Directory
June Manning Thomas
Centennial Professor of Urban and Regional Planning
Office: 2208C
Teaching Areas:
- Mixed-income Neighborhoods
- Neighborhood Planning
- Urban Revitalization
June Manning Thomas is Centennial Professor of Urban and Regional Planning at the University of Michigan, Ann Arbor. In 2003 she was inducted as a Fellow in the American Institute of Certified Planners.
Her books include Redevelopment and Race: Planning a Finer City in Postwar Detroit (Baltimore: Johns Hopkins University Press, 1997), Planning Progress: Lessons from Shoghi Effendi (Ottawa: Association for Bahá'í Studies, 1999), the co-edited (with Marsha Ritzdorf) Urban Planning and the African American Community: In the Shadows (Thousand Oaks, CA: Sage Publications, 1997), and the co-authored Detroit: Race and Uneven Development (Philadelphia: Temple University Press, 1987). She has published numerous articles and book chapters as well. She teaches classes in central-city planning, urban theory, and planning theory.
Dr. Thomas writes about diversification of the planning profession, planning history, and social equity in neighborhoods and urban revitalization. Recent research examined the implications of current research for urban policy in the state of Michigan, assessed the role of minority-race planners in the quest for a just city, explored the relationship between the concept of social equity and the civil rights movement, and examined the link between sustainability and social equity. She continues to explore planning history, particularly in Detroit, through examination of the evolution of thinking about public housing.

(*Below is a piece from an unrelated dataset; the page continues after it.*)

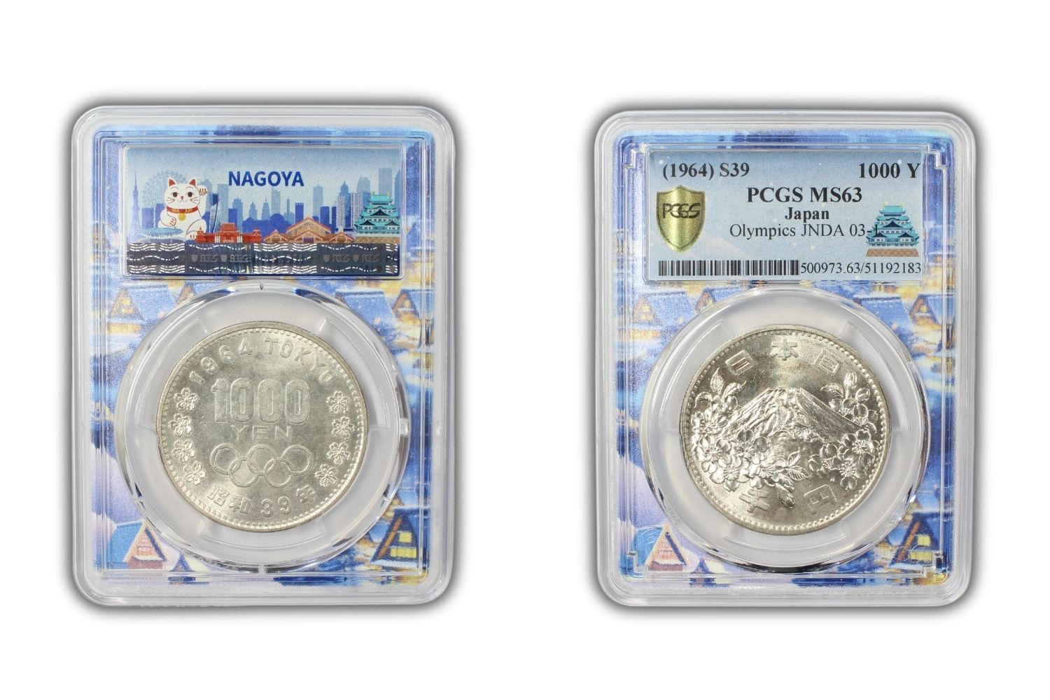 1964 Japan 1000 Yen Silver Coin Olympics PCGS MS63 NAGOYA City Special Label

She is the recipient of the Association of Collegiate Schools of Planning 1999 Paul Davidoff award - given every two years for the book which best represents the ideals of social justice and equity in U. S. urban planning - for her book Redevelopment and Race. Until 2007 she was a professor at Michigan State University in East Lansing, where she developed statewide initiatives to link urban planning services on campus with community development needs in several Michigan cities. She and her husband Richard, a historian, have two adult children. They are active members of the Bahá'í Faith, a belief system which has fueled their professional interests in promoting racial and international unity.